» **ACTIVITY**
Your answer must be an exact copy of the records below, with no pictures in it.

» **INPUT FOR THIS TASK**
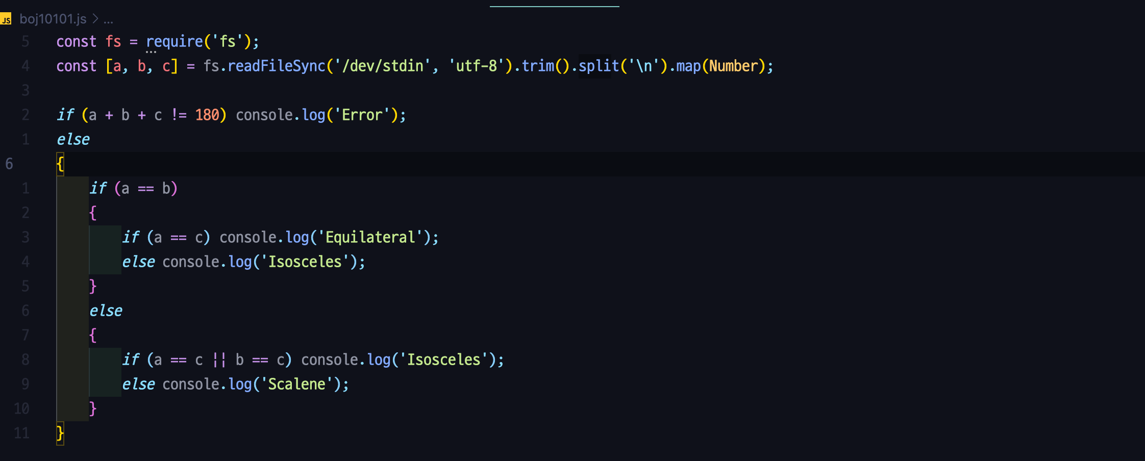 문제의 설명에 따라 Equilateral, Isosceles, Scalene, Error 중 하나를 출력한다.
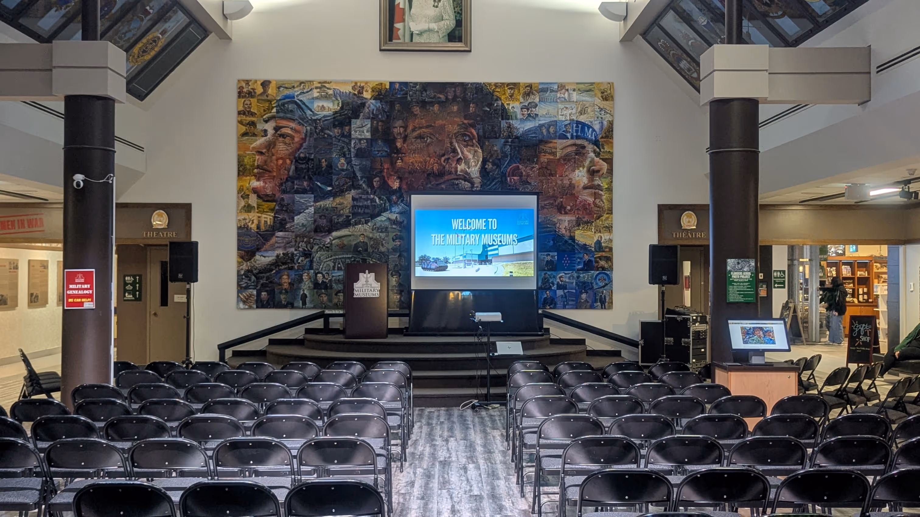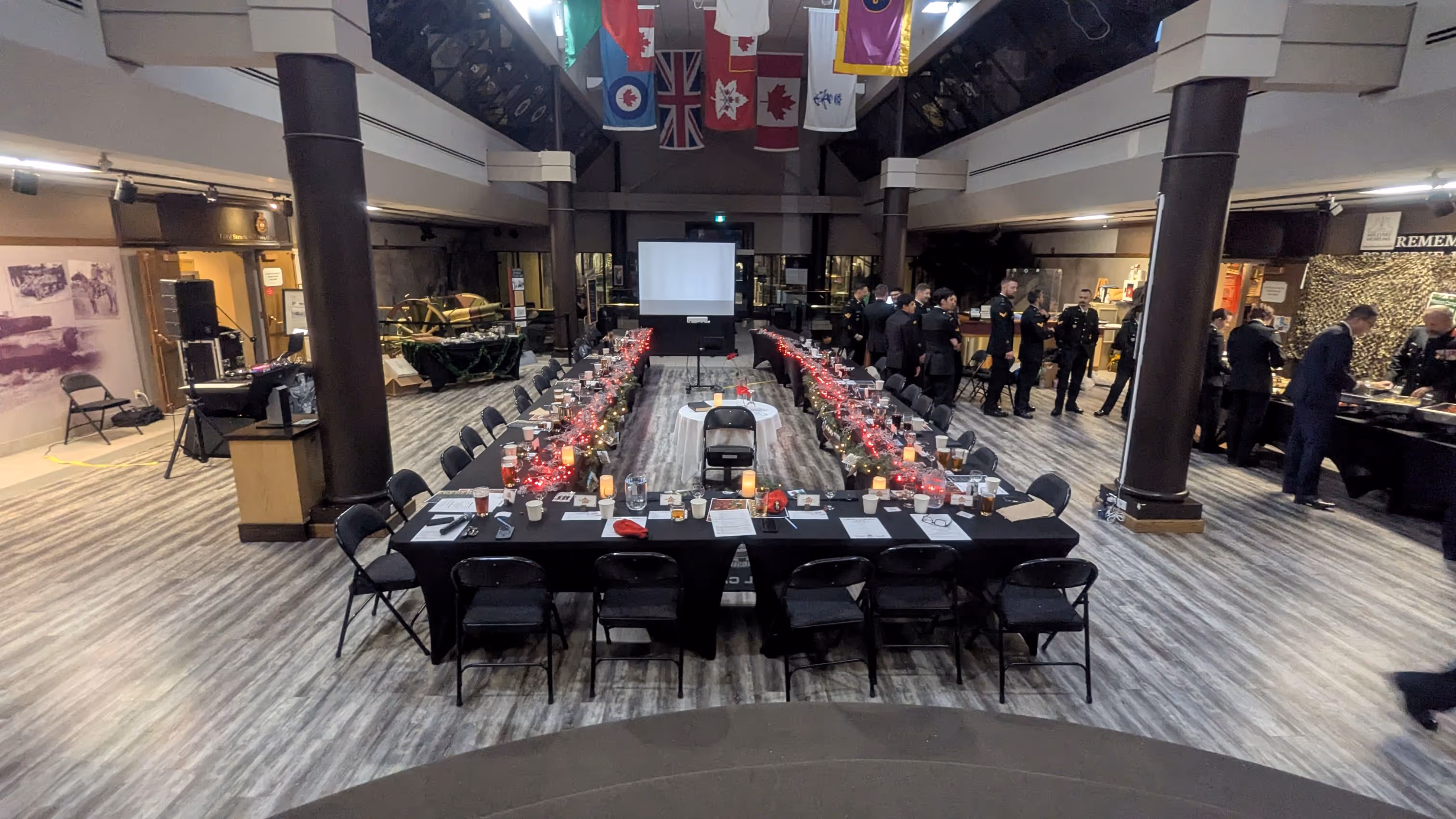 Located just inside the main entrance to The Military Museums, the Queen Elizabeth II Atrium offers a refined and versatile indoor setting for private events. Framed by regimental flags, gallery spaces, and striking military artefacts, the Atrium provides an atmosphere that is both welcoming and steeped in Canadian military heritage.
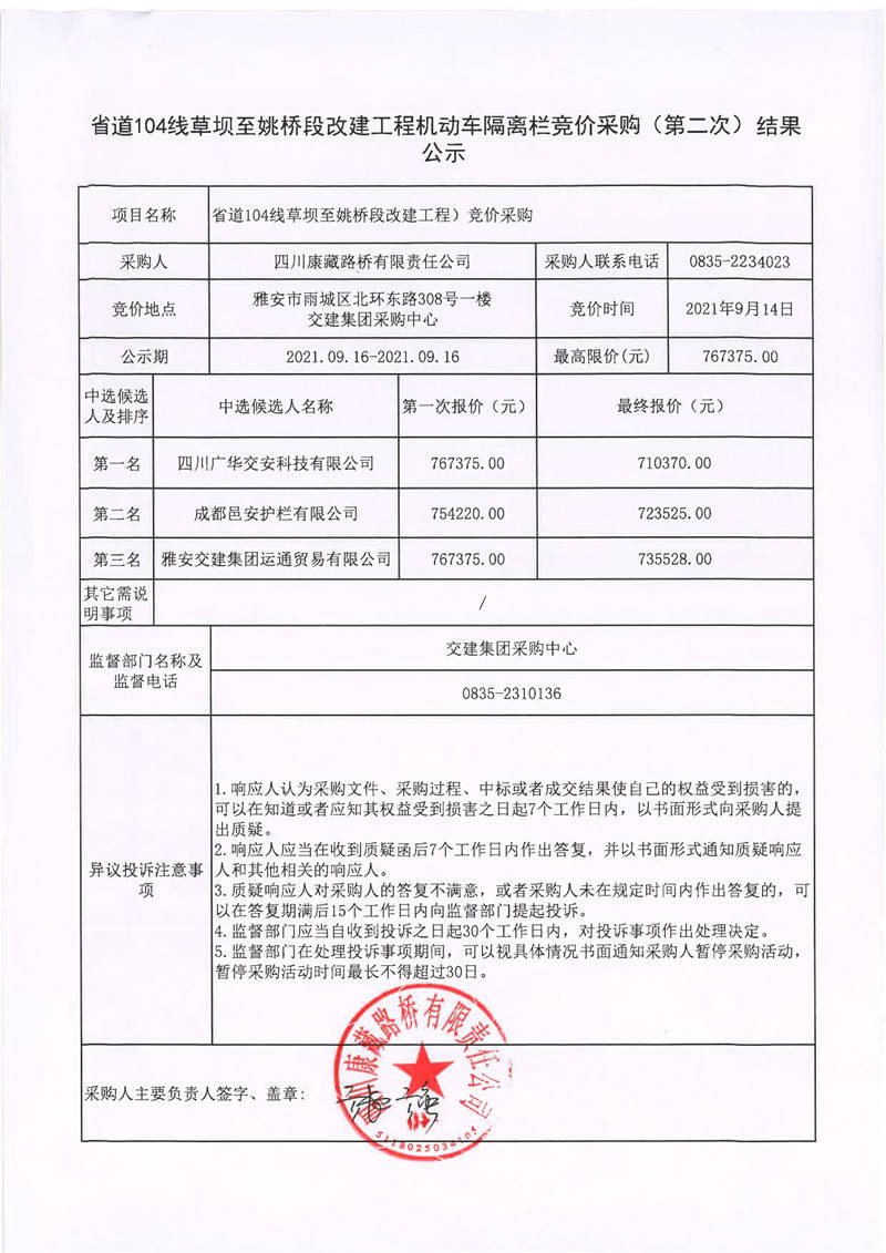 四川康藏路橋有限責(zé)任公司省道104線草壩至姚橋段改建工程機(jī)動(dòng)車隔離欄競(jìng)價(jià)采購(gòu)(第二次)結(jié)果公示
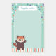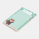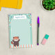 Looking for a red panda themed sticky notepad in a tall size? These personalized post-its are printed with your name or the text of your choosing, an adorable red panda in a kawaii inspired style, lots of stars and matching stripes. Scribble down your notes, messages, things to remember, and to do lists on the seafoam green arch-shape. It will brighten the desk of any animal loving little girl!
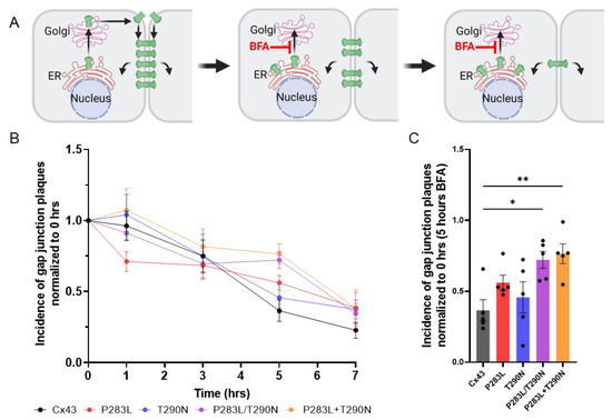 The P283L and T290N variants in combination prolong the clearing of Cx43 gap junctions. (A) Schematic illustrating the site of brefeldin A (BFA) action in blocking protein secretion. (B) Quantification of gap junction plaques observed in Cx43–KO REKs expressing GFP-tagged wildtype or Cx43 variants after treating with BFA from 0 to 7 h. (C) Incidence of gap junction plaques found at cell–cell interfaces 5 h after BFA treatment * p < 0.05; ** p <0.01. Schematic in panel A was created using BioRender.com.

» **ANSWER BELOW**
 문제의 설명에 따라 Equilateral, Isosceles, Scalene, Error 중 하나를 출력한다.
 Located just inside the main entrance to The Military Museums, the Queen Elizabeth II Atrium offers a refined and versatile indoor setting for private events. Framed by regimental flags, gallery spaces, and striking military artefacts, the Atrium provides an atmosphere that is both welcoming and steeped in Canadian military heritage.
 四川康藏路橋有限責(zé)任公司省道104線草壩至姚橋段改建工程機(jī)動(dòng)車隔離欄競(jìng)價(jià)采購(gòu)(第二次)結(jié)果公示
 Looking for a red panda themed sticky notepad in a tall size? These personalized post-its are printed with your name or the text of your choosing, an adorable red panda in a kawaii inspired style, lots of stars and matching stripes. Scribble down your notes, messages, things to remember, and to do lists on the seafoam green arch-shape. It will brighten the desk of any animal loving little girl!
 The P283L and T290N variants in combination prolong the clearing of Cx43 gap junctions. (A) Schematic illustrating the site of brefeldin A (BFA) action in blocking protein secretion. (B) Quantification of gap junction plaques observed in Cx43–KO REKs expressing GFP-tagged wildtype or Cx43 variants after treating with BFA from 0 to 7 h. (C) Incidence of gap junction plaques found at cell–cell interfaces 5 h after BFA treatment * p < 0.05; ** p <0.01. Schematic in panel A was created using BioRender.com.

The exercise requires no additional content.